I recently replace an S curve, that was put in before I realized the problems it would cause, to allow me to run multiple car trains, but my short two axil freight cars still won’t negotiate the 4’ curve because the hook & loop couplers are fixed and will not follow the sharp curve.
Does any manufacturer make short freight cars with two trucks that are similar in length to the two-axil ones I have? I looked on the internet, but can’t tell by looking at pictures, and descriptions don’t provide a clue as to the length.
Thanks ahead of time for any info.


----------



## Pete Thornton (Jan 2, 2008)

Does any manufacturer make short freight cars with two 
trucks that are similar in length to the two-axil ones I have? 
Bachmann makes a group of short 20' freight cars that may be about the same size as your 2-axle cars. Model 95699 seems to be still in production, and 95327 is still available from Wolesale Tains: http://www.wholesaletrains.com/GProducts2.asp?Scale=G&Item=160FreightCar&offset=50 . They are actually 1:22.5, so at 20' they are about 10 3/4 " long. 

You may also be able to make the couplers pivot slightly?


----------



## Totalwrecker (Feb 26, 2009)

Do not be fooled by 'Available' that does not mean In Stock, it just means that they think they can get one for you and will gladly hold your money or cc ticket until they can send it to you. 
Always call and verify In Stock from a person. 

Good Luck 
John


----------



## Jerry Barnes (Jan 2, 2008)

You can get MDC cars on ebay, but they are 1/32nd. You could make some cars, not all that hard to do. I like the MDC stuff, I think it looks fine with my 1/29 and 1/32 locomotives.


----------



## Randy Stone (Jan 2, 2008)

Although I recently sold them, I modified several Aristo Craft 2 axle 20 foot frt cars by installing 2 axle trucks on them.
I still have the Aristo Craft bobber caboose that I installed 2 axle trucks on.


----------



## JD Uke (Jul 11, 2011)

I didn't look at Bachmann stuff at first because of the 1/22.5 scale. Most of my stuff is 1/29, but I'm not a purist when it comes to scale, so it likely will suit my needs. And yes, I've learned to check that items are in stock and ready to ship when ordering on line. 
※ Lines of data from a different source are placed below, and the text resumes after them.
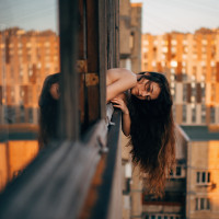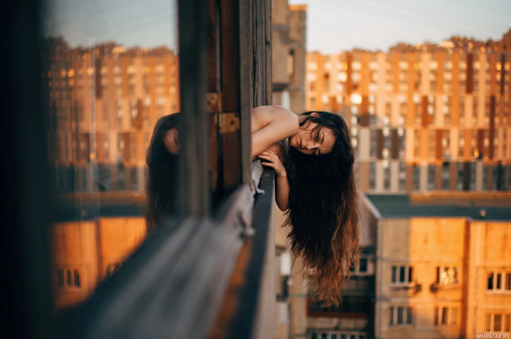 long hair, leaning out of an open window. She appears to be in the upper floors of a building, as her reflection is visible on the surface below. The setting suggests it might be evening or
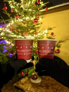 The other market is in Elisabeth Park, right on the shores of Lake Zell, where illuminated star decorations float above the water. In addition to the stalls offering food, crafts and mulled wine, you can see locals and visitors enjoying and warming themselves by bonfires. The whole set up is just gorgeous!
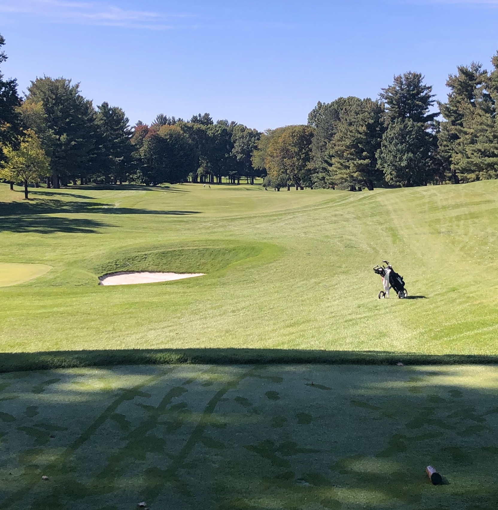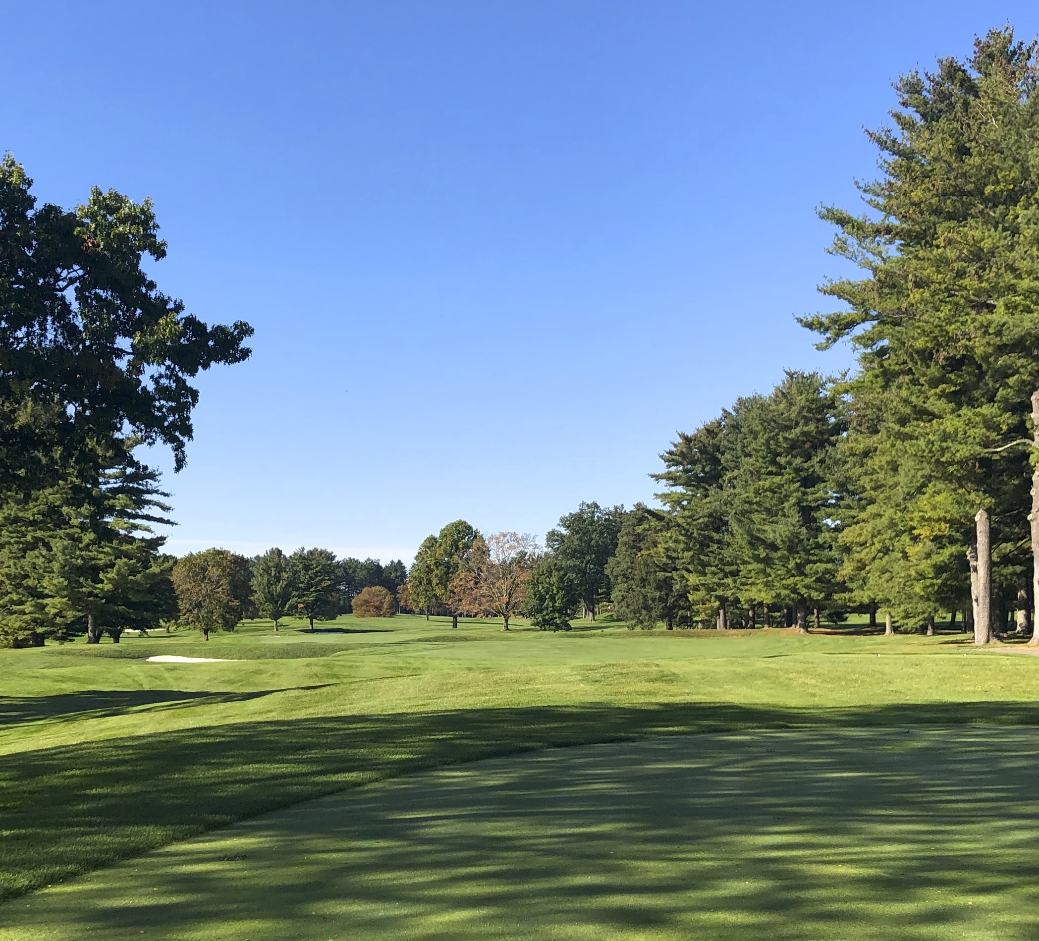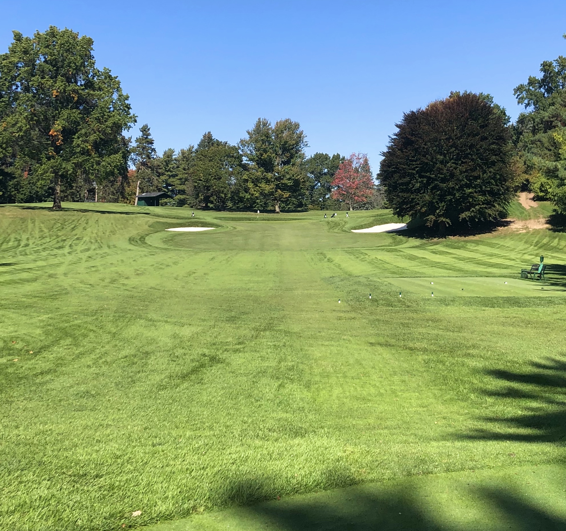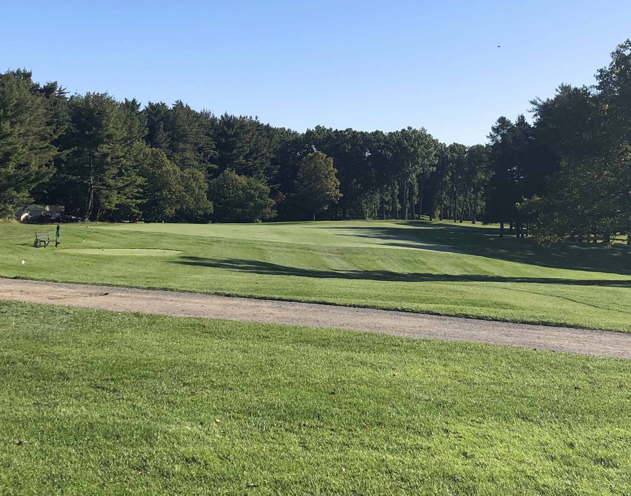 Monroe closes with a difficult 416 yard par 4 that runs uphill and usually into the wind. A straight teeshot is required, with a generous tree-lined fairway defended by numerous bunkers down the right between 200 and 240 yards. While this hole is a tough GIR for most, the most difficult aspect might be the green, which features two tiers and a diagonal swale running through its right half. Par is an admirable score here and I imagine many Monroe Invitationals come down to this hole.
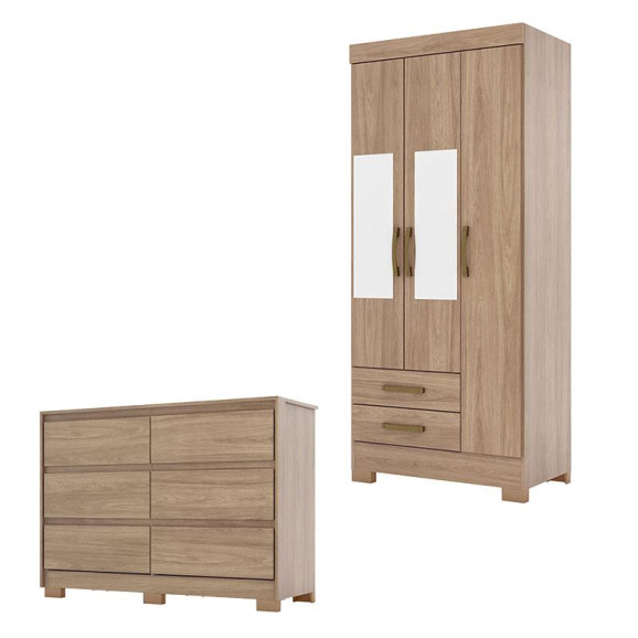 Cômoda Ravenna e Guarda Roupa Solteiro Sensi Jequitibá Brilho com Espelho - Henn
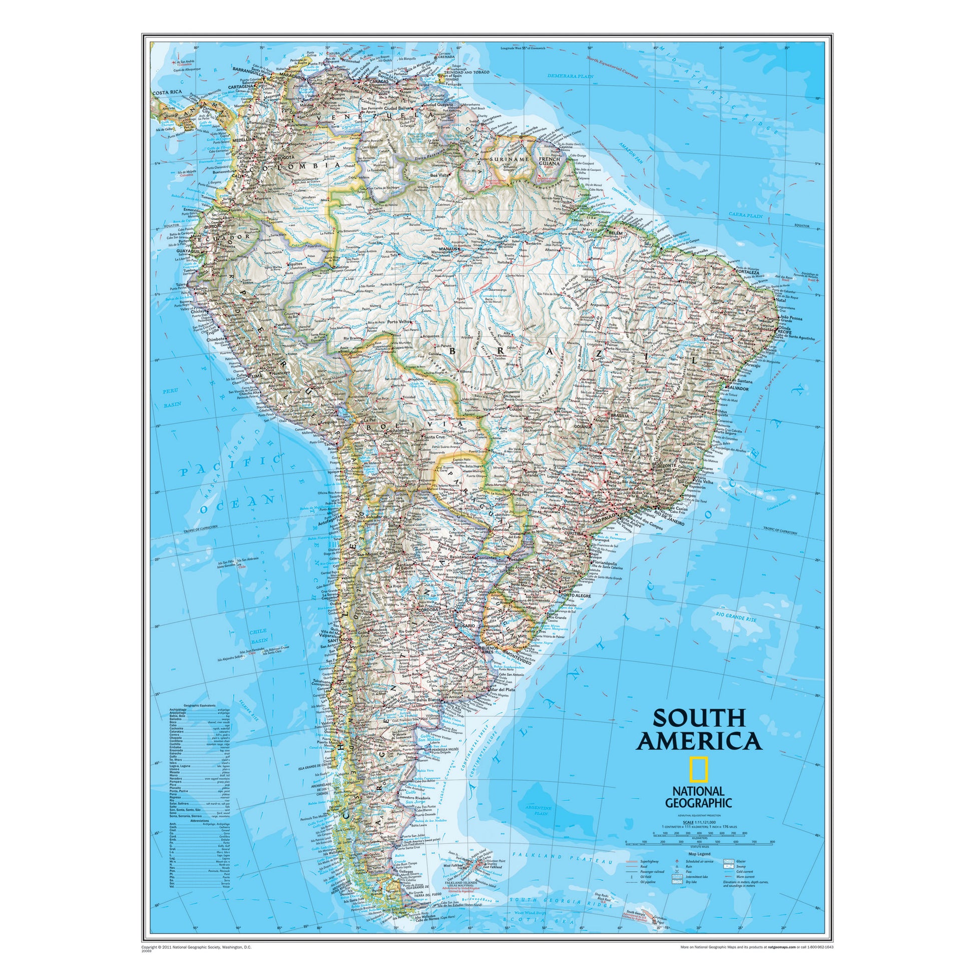This classic map of South America shows political boundaries, place-names, airports, major roads and highways, and other geographic features for the entire continent.

Rivette, your conversions look nice. I had thought of that possibility and will likely give it a try on some stock where I have duplicates. I assume that most trucks I order will be compatable my other roling stock, expecially since I use hook and loop. It would seem all I really need to pay attention to is that the truck and couplers clear the unit to turn freely. 

Thanks all for the info.


----------